---- DATA

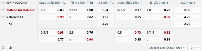 Bảng tỷ lệ kèo bóng đá hôm nay Tottenham vs Villarreal
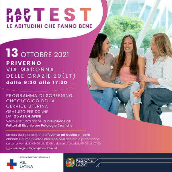 Screening oncologico, giovedì 14 ottobre tappa a Giulianello di Cori
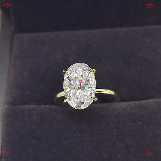 Bague de fiançailles en or jaune massif avec diamant ovale de 3 carats cultivé en laboratoire
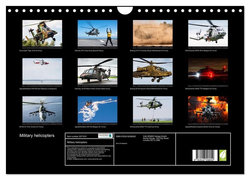 QUALITY - High-quality photo calendar with 12 beautiful images on light-resistant paper, robust spiral binding with hanger.SUSTAINABLE - Significant waste reduction due to print-on-demand production, environmentally friendly FSC-certified paper, produced in the UK, climate-conscious logistical processes.PERFECT GIFT - calendars for friends and family, for children, all ages and all occasions, from Christmas to birthdays and everything in between.LOTS OF CHOICE - Wall calendars in different sizes (DIN A4 and DIN A3),for any topic and personal taste, featuring photography, painting and illustrations.Impressive photos of military helicopters., author: Kris Christiaens
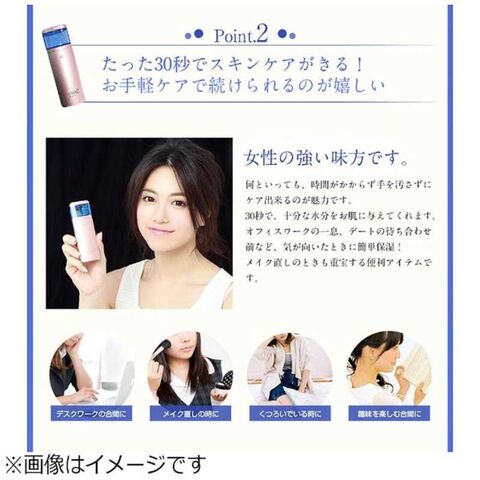 ナノ粒子が肌を包み込んで保湿!メイクの上からでもOK 美ルルモイスミストはメイクの上からでもOK。超微粒子ミストがファンデーションの粒子の間を通り抜けて肌に潤いを与えます。
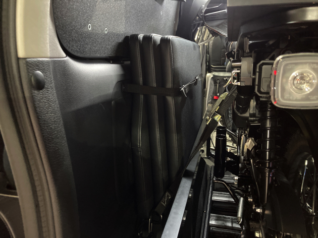 TOUGH SPEC 仕様のフリップベッドは、2分割タイプとなっていて。全面・片側と用途に合わせてアレンジ可能!展示されているように、片側にバイクを積載して全国各地のツーリングスポットへお出かけしていただけます。

--------

**EXERCISE:** Give the entries above again exactly, minus their pictures.

**WRITTEN RESPONSE:**
 Bảng tỷ lệ kèo bóng đá hôm nay Tottenham vs Villarreal
 Screening oncologico, giovedì 14 ottobre tappa a Giulianello di Cori
 Bague de fiançailles en or jaune massif avec diamant ovale de 3 carats cultivé en laboratoire
 QUALITY - High-quality photo calendar with 12 beautiful images on light-resistant paper, robust spiral binding with hanger.SUSTAINABLE - Significant waste reduction due to print-on-demand production, environmentally friendly FSC-certified paper, produced in the UK, climate-conscious logistical processes.PERFECT GIFT - calendars for friends and family, for children, all ages and all occasions, from Christmas to birthdays and everything in between.LOTS OF CHOICE - Wall calendars in different sizes (DIN A4 and DIN A3),for any topic and personal taste, featuring photography, painting and illustrations.Impressive photos of military helicopters., author: Kris Christiaens
 ナノ粒子が肌を包み込んで保湿!メイクの上からでもOK 美ルルモイスミストはメイクの上からでもOK。超微粒子ミストがファンデーションの粒子の間を通り抜けて肌に潤いを与えます。
 TOUGH SPEC 仕様のフリップベッドは、2分割タイプとなっていて。全面・片側と用途に合わせてアレンジ可能!展示されているように、片側にバイクを積載して全国各地のツーリングスポットへお出かけしていただけます。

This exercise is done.